TRACI DEVETTE GRIGGS:  In January, an abortionist challenged a lawsuit challenging five of North Carolina’s most effective pro-life laws.  Before the merits of that case can be heard, however, a motion seeking to allow legislative leaders to intervene in defense of the laws that they passed must be resolved.  Well, our friends at Alliance Defending Freedom are assisting Senate Leader Phil Berger and House Leader Tim Moore with that case, and we’re joined by ADF Legal Counsel Erica Steinmiller-Perdomo, who is working on the case with them.

Erica, welcome to Family Policy Matters.   

ERICA STEINMILLER-PERDOMO:  Thank you so much for having me.

TRACI DEVETTE GRIGGS:  All right.  So talk about this motion.  It doesn’t actually address the legality of the pro-life laws at first, right, more of a procedural request? 
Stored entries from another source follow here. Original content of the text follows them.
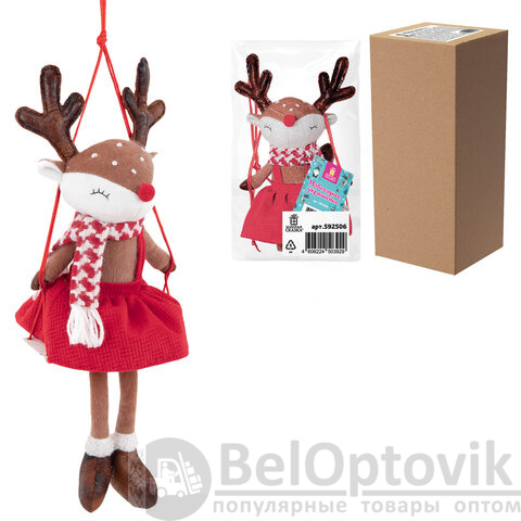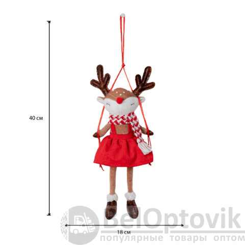 Украшение новогоднее интерьерное 40 см "Оленёнок на качелях", полиэстер, ЗОЛОТАЯ СКАЗКА, 592506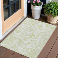 3' X 5' Sage Green And Ivory Paisley Washable Indoor Outdoor Area Rug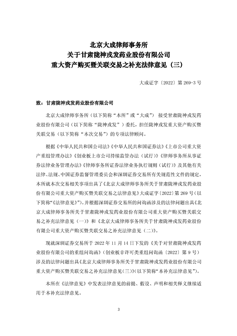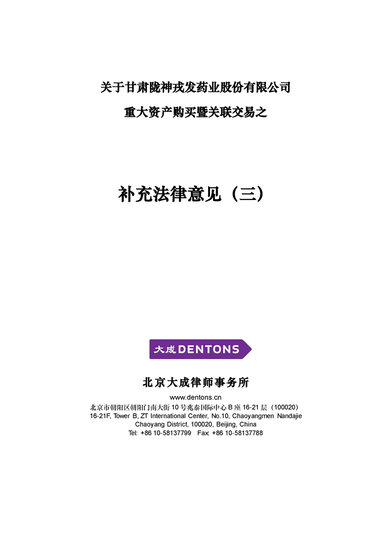 北京大成律師事務所關于甘肅隴神戎發藥業股份有限公司重大資產購買暨關聯交易補充法律意見(三)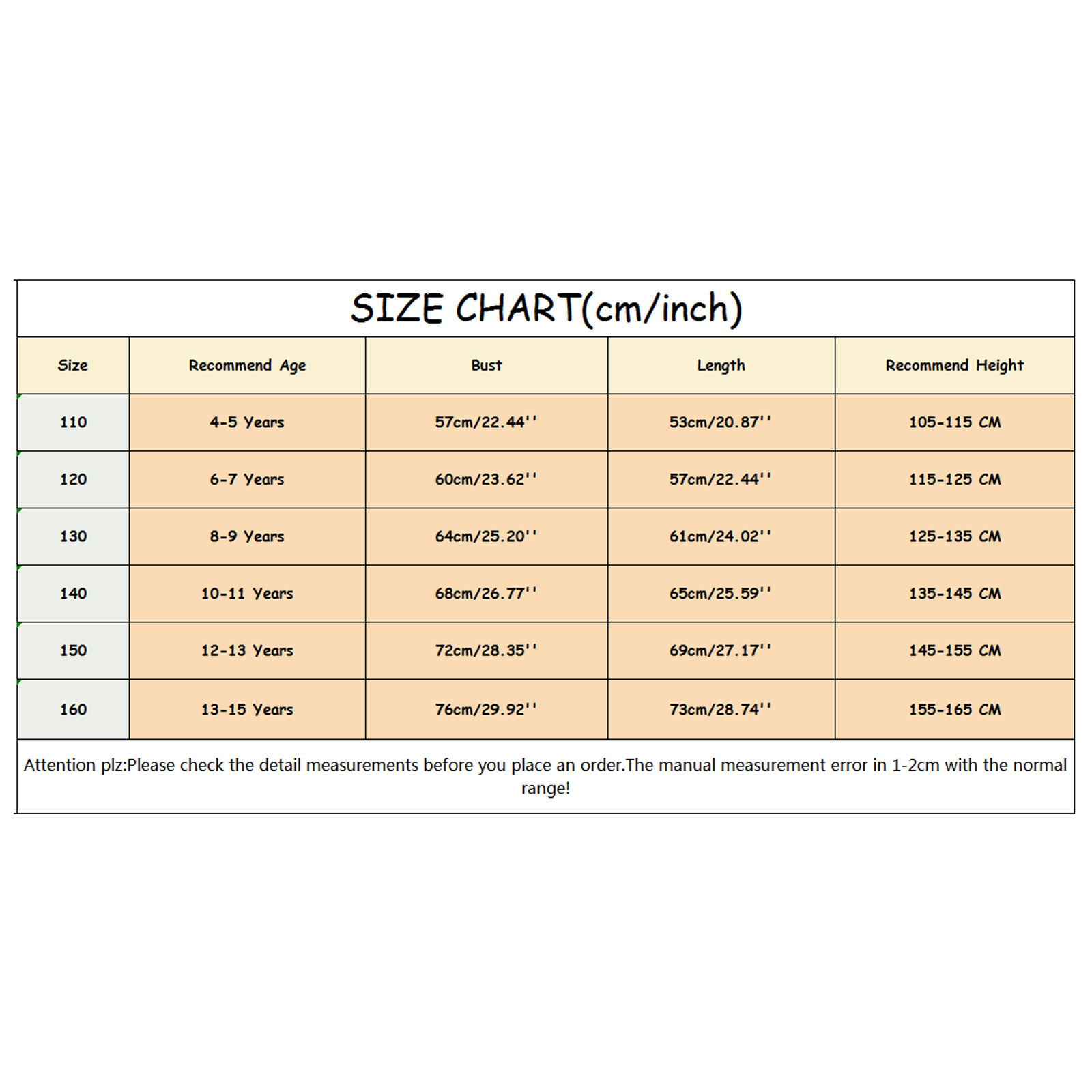 Размеры Рекомендуемый возраст Бюст Длина Рекомендуемая высота 110 От 4 до 5 лет 57 см/22,44'' 53 см/20,87'' 105-115 см 120 От 6 до 7 лет 60 см/23,62'' 57 см/22,44'' 115-125 см 130 От 8 до 9 лет 64 см/25,20'' 61 см/24,02'' 125-135 см 140 От 10 до 11 лет 68 см/26,77'' 65 см/25,59'' 135-145 см 150 12-13 лет 72 см/28,35'' 69 см/27,17'' 145-155 см 160 13-15 лет 76 см/29,92'' 73 см/28,74'' 155-165 смРешил заказать для своей дочки платье на Новый Год. Приглянулось данный товар. Доставку ждал около трех месяцев, главное, что пришел... Читать отзыв полностью...

ERICA STEINMILLER-PERDOMO:  That’s right.  So ADF attorneys represent the legislative leaders.  That is, as you mentioned, the president pro tem of the Senate, Phil Berger, and the Speaker of the North Carolina House of Representatives, Tim Moore.  They represent the interests of the state in seeking to defend North Carolina’s laws.

Now, this lawsuit that was filed in North Carolina by an abortion doctor, the primary named Defendant in the case is the attorney general of North Carolina, Joshua Stein.  He’s already come out and said that he will not defend North Carolina’s pro-life laws.  In fact, he agrees with the Plaintiff’s position in the case that North Carolina’s laws are somehow preempted by FDA regulations.  So we’re representing the legislative leaders and hoping to intervene in this case so that the important interests of North Carolina’s legislative leaders and the North Carolina General Assembly can be heard.

TRACI DEVETTE GRIGGS:  So this kind of procedural question isn’t new to North Carolina, is it?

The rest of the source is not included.